Let G(x) = 1/(1 - x)^2 = Σ_{i=0}^∞ g(i)x^i, where |x| < 1. What is g(i)?
2005
Let G(x) = 1/(1 - x)^2 = Σ_{i=0}^∞ g(i)x^i, where |x| < 1. What is g(i)?
- A.
i
- B.
i+1
- C.
2i
- D.
2^i
Show answer & explanation
Correct answer: B
Key idea: use the geometric series and differentiate.
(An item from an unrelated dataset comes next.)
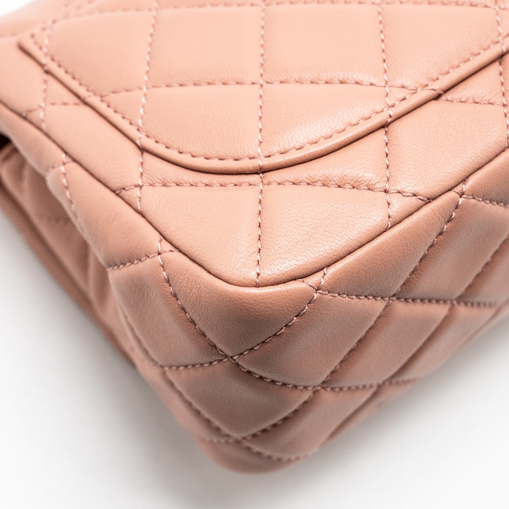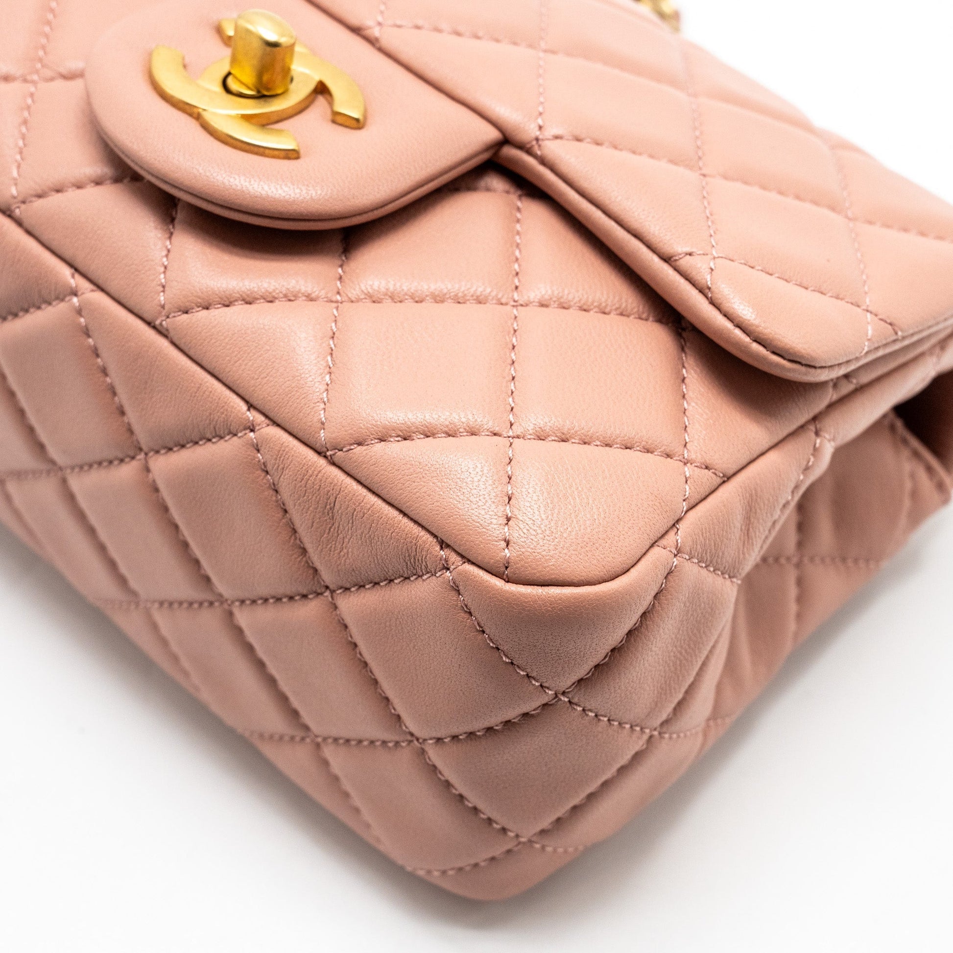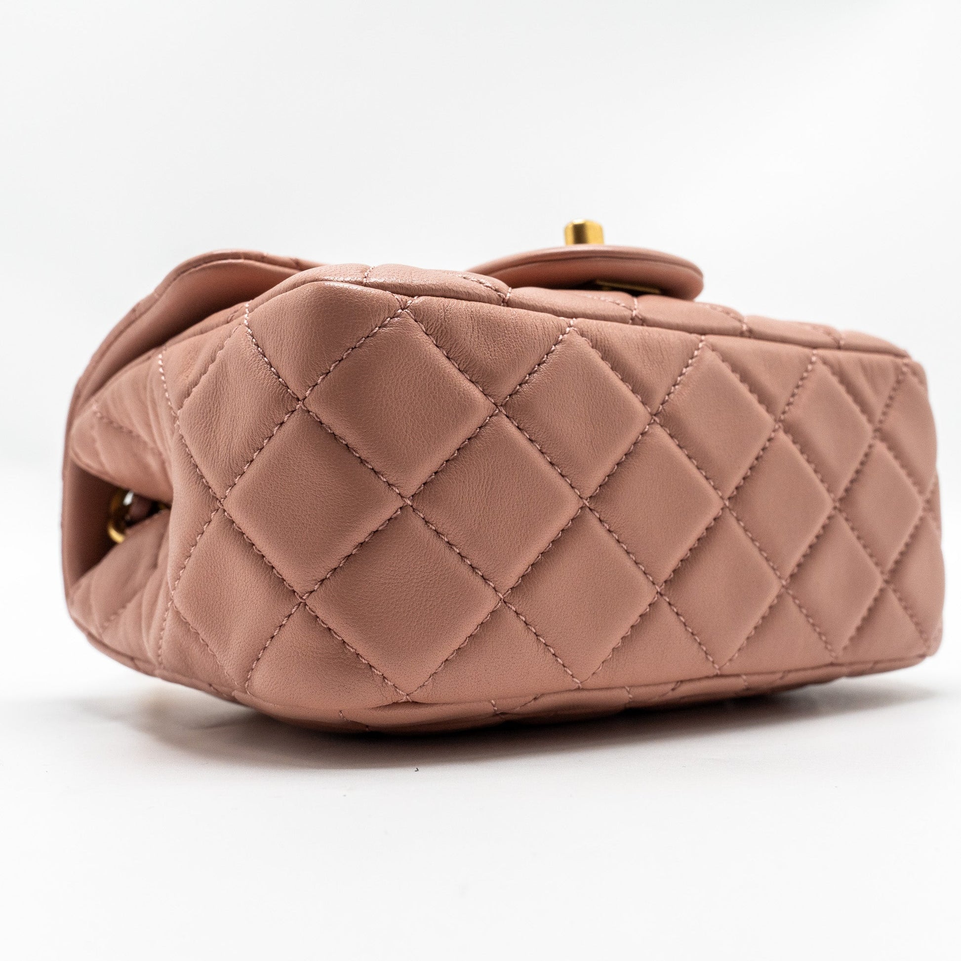 Chanel Pearl Crush Mini Square Flap Bag Lambskin Pink GHW(Microchip)

Start from the geometric series valid for |x| < 1:
1/(1 - x) = ∑_{n=0}^∞ x^n.
Differentiate both sides with respect to x:
d/dx [1/(1 - x)] = d/dx [∑_{n=0}^∞ x^n].
The left-hand side becomes 1/(1 - x)^2. The right-hand side becomes ∑_{n=1}^∞ n x^{n-1}, which after reindexing (set i = n - 1) gives ∑_{i=0}^∞ (i + 1) x^i.
Therefore 1/(1 - x)^2 = ∑_{i=0}^∞ (i + 1) x^i, so the coefficient g(i) = i + 1.
Example: g(0) = 1, g(1) = 2, g(2) = 3.